Army At Its Max

Team Infidel

Forum Spin Doctor
New York Daily News
January 7, 2007
Pg. 9

Ex-gens.: Can't bear another 20,000 to Iraq
By Austin Fenner, Daily News Staff Writer
Stretched to the breaking point by the bloody conflicts in Iraq and Afghanistan, the U.S. Army would be hard-pressed to wage an additional war, two former generals say.
"I'd say we are marginally ready," said retired Marine Gen. Joseph Hoar, former commander in chief of Central Command. "We have enormous power in the Air Force and Navy to respond immediately at a crisis around the world. The commitment of ground forces is more problematic."
The state of the Army became the focus of debate after former Secretary of State Colin Powell charged last month that the Army is "about broken."
President Bush is expected shortly to announce plans to send as many as 20,000 more combat troops to Iraq, putting further stress on the armed forces.
The state of the military goes beyond the ability to wage war in Iraq; it has implications for the country's ability to back up its hard-nosed diplomacy elsewhere, particularly with rogue nations like Iran and North Korea.
If fresh hostilities erupted, the U.S. would offer a "ragged" war campaign relying on air attacks by the Air Force and the Navy, said Winslow Wheeler, a military analyst with Straus Military Reform Project at the Center for Defense Information.
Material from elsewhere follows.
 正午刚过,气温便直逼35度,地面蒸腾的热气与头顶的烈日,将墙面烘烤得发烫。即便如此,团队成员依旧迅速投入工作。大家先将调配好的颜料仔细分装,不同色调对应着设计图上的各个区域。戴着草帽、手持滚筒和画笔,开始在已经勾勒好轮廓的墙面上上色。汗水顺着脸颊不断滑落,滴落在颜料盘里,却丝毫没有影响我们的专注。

"The result is an ineffective campaign that fails to achieve important objectives. If [ground forces] are forced to participate, they will do so poorly equipped and in a poorly trained state," Wheeler said. "Put simply, it will cost us lives."
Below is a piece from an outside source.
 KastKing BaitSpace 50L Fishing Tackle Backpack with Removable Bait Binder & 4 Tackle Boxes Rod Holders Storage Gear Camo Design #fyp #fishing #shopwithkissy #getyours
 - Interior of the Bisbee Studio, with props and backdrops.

The military long has operated under the doctrine that the country should be ready to handle two major wars, but Hoar and other military experts suggested this operating principle has been compromised.
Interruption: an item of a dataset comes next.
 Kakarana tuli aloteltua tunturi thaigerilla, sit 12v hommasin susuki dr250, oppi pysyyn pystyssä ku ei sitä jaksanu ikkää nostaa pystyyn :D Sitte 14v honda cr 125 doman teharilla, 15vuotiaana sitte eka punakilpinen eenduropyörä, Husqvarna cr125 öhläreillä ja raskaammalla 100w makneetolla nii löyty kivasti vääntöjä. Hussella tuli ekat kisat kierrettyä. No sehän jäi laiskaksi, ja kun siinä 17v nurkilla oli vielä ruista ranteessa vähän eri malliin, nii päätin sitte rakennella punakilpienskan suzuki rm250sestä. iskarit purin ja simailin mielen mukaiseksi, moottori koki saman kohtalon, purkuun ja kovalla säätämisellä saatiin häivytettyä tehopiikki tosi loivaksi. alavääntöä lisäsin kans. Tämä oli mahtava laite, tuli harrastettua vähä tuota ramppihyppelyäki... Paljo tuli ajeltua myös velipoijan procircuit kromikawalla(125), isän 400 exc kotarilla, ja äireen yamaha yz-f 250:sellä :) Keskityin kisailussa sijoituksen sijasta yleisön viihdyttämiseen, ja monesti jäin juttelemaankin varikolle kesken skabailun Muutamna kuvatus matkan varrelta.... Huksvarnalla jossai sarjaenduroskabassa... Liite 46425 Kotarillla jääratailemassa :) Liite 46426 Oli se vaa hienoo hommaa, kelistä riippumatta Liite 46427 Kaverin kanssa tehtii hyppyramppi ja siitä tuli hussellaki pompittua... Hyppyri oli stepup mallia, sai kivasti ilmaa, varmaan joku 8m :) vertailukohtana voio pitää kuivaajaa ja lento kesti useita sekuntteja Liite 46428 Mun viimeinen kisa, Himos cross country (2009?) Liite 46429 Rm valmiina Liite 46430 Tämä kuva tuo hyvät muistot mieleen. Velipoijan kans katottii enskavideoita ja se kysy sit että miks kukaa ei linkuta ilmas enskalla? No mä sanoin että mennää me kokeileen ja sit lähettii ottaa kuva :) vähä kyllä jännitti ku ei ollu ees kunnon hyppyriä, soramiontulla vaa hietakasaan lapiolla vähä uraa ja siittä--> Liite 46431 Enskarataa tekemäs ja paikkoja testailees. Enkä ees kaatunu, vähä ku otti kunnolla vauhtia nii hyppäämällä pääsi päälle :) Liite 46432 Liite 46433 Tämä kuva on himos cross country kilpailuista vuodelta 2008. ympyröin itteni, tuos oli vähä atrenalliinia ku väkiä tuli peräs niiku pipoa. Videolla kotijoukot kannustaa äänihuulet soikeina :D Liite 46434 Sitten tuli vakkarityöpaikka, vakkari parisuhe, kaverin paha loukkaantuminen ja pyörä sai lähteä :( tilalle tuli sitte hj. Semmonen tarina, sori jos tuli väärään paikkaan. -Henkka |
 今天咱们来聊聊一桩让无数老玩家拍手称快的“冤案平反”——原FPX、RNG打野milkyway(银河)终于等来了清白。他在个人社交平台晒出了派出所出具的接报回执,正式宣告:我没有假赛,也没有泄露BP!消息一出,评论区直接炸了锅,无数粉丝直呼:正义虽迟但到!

Hoar warned the military doesn't have enough satellite resources, AWAC airplanes and helicopters to deploy for a new war. "We don't have enough infantry divisions to conduct two major land campaigns at the same time."
The Army contends it is ready for any emergency.
"The Army continues to soldier along quite well," said Army spokesman Paul Boyce. "Recruiting is strong. Retention is strong. The will of the American soldier is exceptionally strong and heroic."
Former Army Gen. Jay Garner offered that the size of the Army is "too small" to handle mounting military challenges.
"It's not broken, it's just too small," said Garner, who preceded Paul Bremer as the American administrator in Iraq after the 2003 invasion. "We have a stressed Army. These kids ... are damn good soldiers. We have burned them out. The equipment is overused. They [soldiers] have problems with multiple deployments."
Wheeler said too many U.S. troops are rated as unprepared for combat.
"Every single brigade in the United States that is supposed to be training and getting ready to go to Iraq is not ready," Wheeler said.